Anyone over the age of 18 and of sound mind may make a will in New York. New York statutes require the writer of a will to sign it or acknowledge his signature in the presence of two witnesses, both of whom must also sign. According to Section 3-2.1 of the New York Code, the witnesses should sign the will and add their addresses within a 30 day period. If the writer of the will is unable to sign himself – for example, if he is disabled – he may instruct another person to sign on his behalf.

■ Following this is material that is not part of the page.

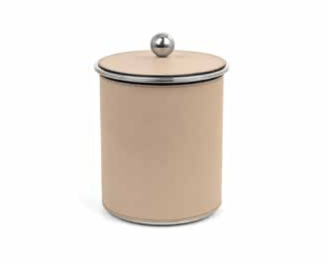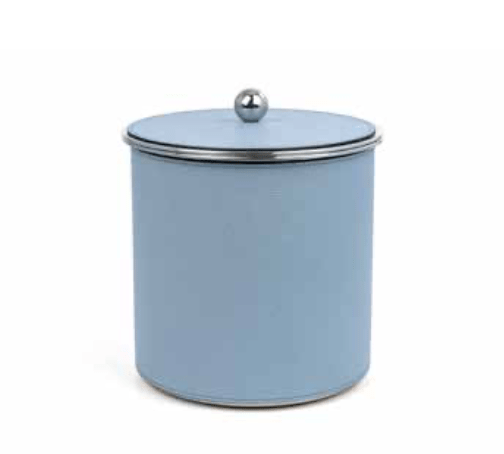 Insulated ice bucket with lid in chrome-plated steel and leather

When a person dies, the law requires that his will be submitted to probate at the New York Surrogate’s Court. The witnesses should complete affidavits certifying that as far as they were aware, the deceased was of sound mind when he signed. Problems may arise if the will was written a long time prior to probate and the witnesses are no longer residents in the state or are, perhaps, themselves deceased. To avoid these issues, the person writing the will can make it self-proving at the time of signing.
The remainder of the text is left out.